Our players report today! Time to take the next big step on Rice Football’s trek to a new legacy.
Only slightly less important: it’s time for your third install of 3TT:
- Latest cool thing I learned about Houston: Space Center Houston
There was a time, like a lot of kids, that I wanted to become an astronaut. I witnessed the Challenger explosion in person when I was eight years old. I even went to Space Camp when I was thirteen.
Last week a visiting friend and I drove to Johnson Space Center to tour the astronaut training center and Space Center Houston. The Space Center is a big museum, showing the past and future of space exploration. It’s accredited by the Smithsonian, which should tell you all you need to know about the quality of the displays. Most of the “future” displays were geared toward the current goal of landing on Mars. NASA hopes to send astronauts to the red planet by 2040. It they reach that target, the astronauts that make the trip would currently be 7-16 years old.
Especially cool for me were the artifacts from the early years of space flight — Gemini & Mercury capsules, a moon rock, and a piece of Mars that crashed to Earth from a meteorite. You can touch both of the rocks.
- Technology I’m Psyched About: Our New Virtual Reality Training System
Check out this tweet. You all probably new that we use STriVR Virtual Reality to train our QB’s. Last week, we took it a step further. In the past, we filmed the VR and had our QB’s watch it without a systematic learning structure in place. Working with my friend, Dr. Dutch Franz and his TierOne Performance organization, we’ve implemented a training regimen for VR based on scientifically supported performance psychology. Dr. Dutch uses the same VR training strategies used by U.S. Special Forces soldiers.

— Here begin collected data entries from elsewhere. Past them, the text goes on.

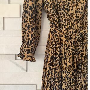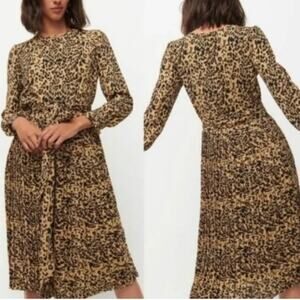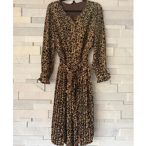 J CREW Leopard Cheetah Animal Print Button Front Tie Waist Pleated Skirt Dress10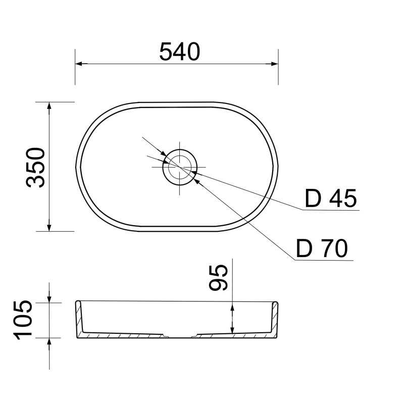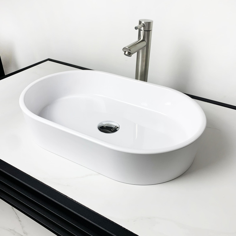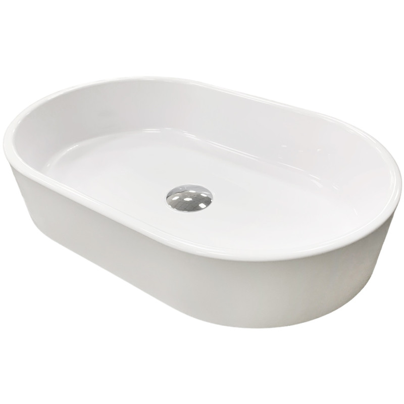 Раковина Adamant BESTE NEW має овальну форму, виготовлена зі штучного каменю з розмірами 540 x 350 x 110 мм та білим кольором. Накладний тип встановлення без отвору для змішувача та переливу дозволяє монтаж зверху на стільницю. Матеріал створений за технологією Solid Surface, стійкий до впливу та довговічний. Виріб вироблено в Україні.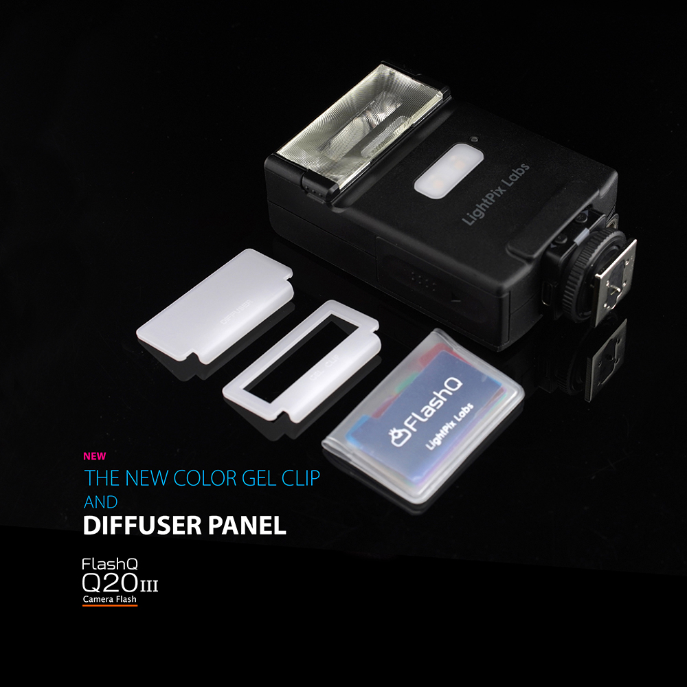 The NEW color gel clip and diffuser panel รุ่นนี้ออปแบบที่ใส่เจลสี (มีเจลสีให้เลือกใช้ 7 สี) และแผ่นกรองแสงใหม่ (Diffuser) โดยสามารถสวมเข้าล็อกที่ด้านหน้าแฟลชเลย ช่วยให้การเปลี่ยนเจลสีขณะถ่ายภาพดึงเข้า-ออกได้สะดวก รวดเร็วขึ้น เวลาเลิกใช้งานก็ปลดล็อกเก็บใส่กระเป๋าได้ทันที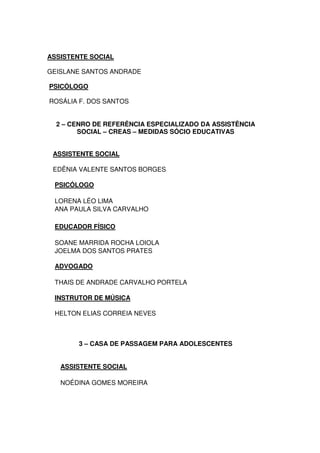 Este documento lista los nombres de los empleados de varios programas y departamentos de asistencia social en Brasil. Incluye programas para la erradicación del trabajo infantil, refugios para adolescentes, centros de referencia especializados, casas de apoyo para la violencia contra la mujer, programas para personas en situación de calle, programas de protección social básica como Bolsa Familia e InfoLeite, y departamentos de combate a la pobreza y mejoramiento habitacional.

Other D-1 and NFL teams have VR, but don’t know how to use it to it’s fullest capability. We just catapulted right past them.
- Podcast I Binged On While Vacationing: Revisionist History
Malcolm Gladwell is a writer who has worked for the Washington Post and the New Yorker. You made have read or heard about his bestselling books: The Tipping Point, Outliers, Blink, and David and Goliath. Revisionist History is his podcast where he investigates things forgotten or misunderstood. The episodes aren’t very long, and many are facinating.
The former English teacher and grammar nerd in me were riveted by Season 3 Episode 1: Divide and Conquer. It’s “The complete, unabridged history of the world’s most controversial semicolon.” Sound boring? It’s not. Don’t believe me? Well, did you know that Texas has special permission to divide itself up into up to five different states whenever it chooses?
As always, I’m looking forward to your responses and suggestions.